■ **The data**:
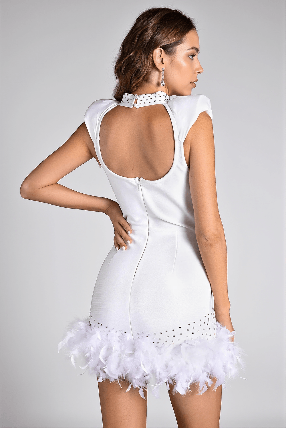 Elevate your fashion game with the breathtaking Spiteridi Rhinestone Feather Mini Dress. Designed to captivate, this dress combines elegant sophistication with whimsical charm through its intricate rhinestone embellishments and playful feather hemline.
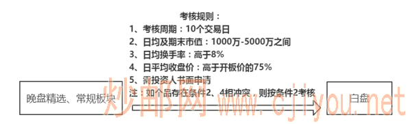 晚盤精選/互通板塊藏品同時滿足以下四條考核規則,次月起,可由戰略投資人申請轉入白盤交易(計畫自11月1日起實施),詳情如下:
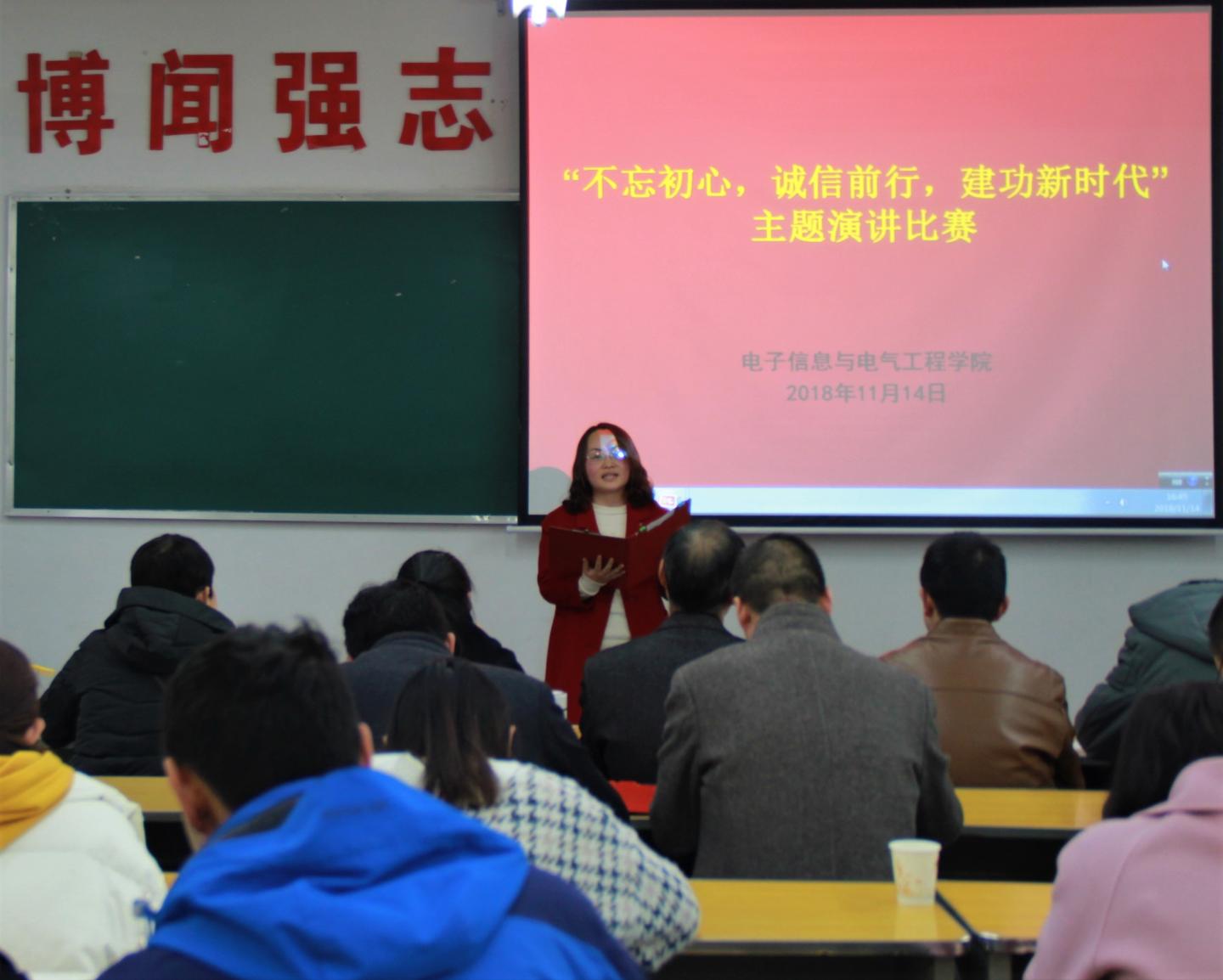 接着,按照抽签顺序,参赛选手陆续登场,他们潇洒的仪态,动人的嗓音,深情而精彩的演讲,赢得了观众的阵阵热烈的掌声。演讲者从生活小事谈起,引经据典,以身作则,阐述了对诚信的理解,以及如何守信。守信,守住的不仅仅是人与人之间的信任,更是心与心之间的交流。在座的评委们客观公正的为每位参赛者打分,最终陈倩获得一等奖,刘俊、沈光美分别获得二等奖任艳、楚冰清、张鑫获得三等奖,唐龙龙获得优秀奖。
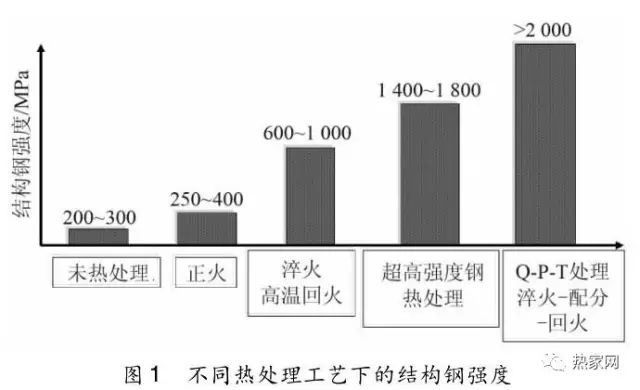 熱處理可以大幅度提高金屬材料的強度。例如結構鋼,工業上很多都是用調質鋼(淬火以后高溫回火),它的強度約為6001000MPa。二戰期間曾經有過一個很大的飛躍,前蘇聯把飛機起落架由調質處理變成淬火以后低溫回火,使它的抗拉強度提高到1600MPa,前蘇聯戰機安裝新的起落架以后,自重減輕,靈活性提高,在技術上領先了德國空軍,從此有超高強度鋼的熱處理誕生。隨后經過持續研究,結構鋼的強度達到1800MPa。近年來,徐祖耀院士帶領他的團隊研究Q-P-T處理(淬火配分回火再強化),使得結構鋼強度提高到2100MPa,比原來調質處理后的強度提高了三倍。最新消息,北京鋼研院正在研究2600MPa鋼種,強度的提高不僅決定于鋼的成分,而且決定于熱處理工藝,從此可以看出熱處理的關鍵作用。

■ **Task to carry out**: In transcribing the material above, reproduce each line exactly and include none of the pictures.

■ **Solution to the problem**:
 Elevate your fashion game with the breathtaking Spiteridi Rhinestone Feather Mini Dress. Designed to captivate, this dress combines elegant sophistication with whimsical charm through its intricate rhinestone embellishments and playful feather hemline.
 晚盤精選/互通板塊藏品同時滿足以下四條考核規則,次月起,可由戰略投資人申請轉入白盤交易(計畫自11月1日起實施),詳情如下:
 接着,按照抽签顺序,参赛选手陆续登场,他们潇洒的仪态,动人的嗓音,深情而精彩的演讲,赢得了观众的阵阵热烈的掌声。演讲者从生活小事谈起,引经据典,以身作则,阐述了对诚信的理解,以及如何守信。守信,守住的不仅仅是人与人之间的信任,更是心与心之间的交流。在座的评委们客观公正的为每位参赛者打分,最终陈倩获得一等奖,刘俊、沈光美分别获得二等奖任艳、楚冰清、张鑫获得三等奖,唐龙龙获得优秀奖。
 熱處理可以大幅度提高金屬材料的強度。例如結構鋼,工業上很多都是用調質鋼(淬火以后高溫回火),它的強度約為6001000MPa。二戰期間曾經有過一個很大的飛躍,前蘇聯把飛機起落架由調質處理變成淬火以后低溫回火,使它的抗拉強度提高到1600MPa,前蘇聯戰機安裝新的起落架以后,自重減輕,靈活性提高,在技術上領先了德國空軍,從此有超高強度鋼的熱處理誕生。隨后經過持續研究,結構鋼的強度達到1800MPa。近年來,徐祖耀院士帶領他的團隊研究Q-P-T處理(淬火配分回火再強化),使得結構鋼強度提高到2100MPa,比原來調質處理后的強度提高了三倍。最新消息,北京鋼研院正在研究2600MPa鋼種,強度的提高不僅決定于鋼的成分,而且決定于熱處理工藝,從此可以看出熱處理的關鍵作用。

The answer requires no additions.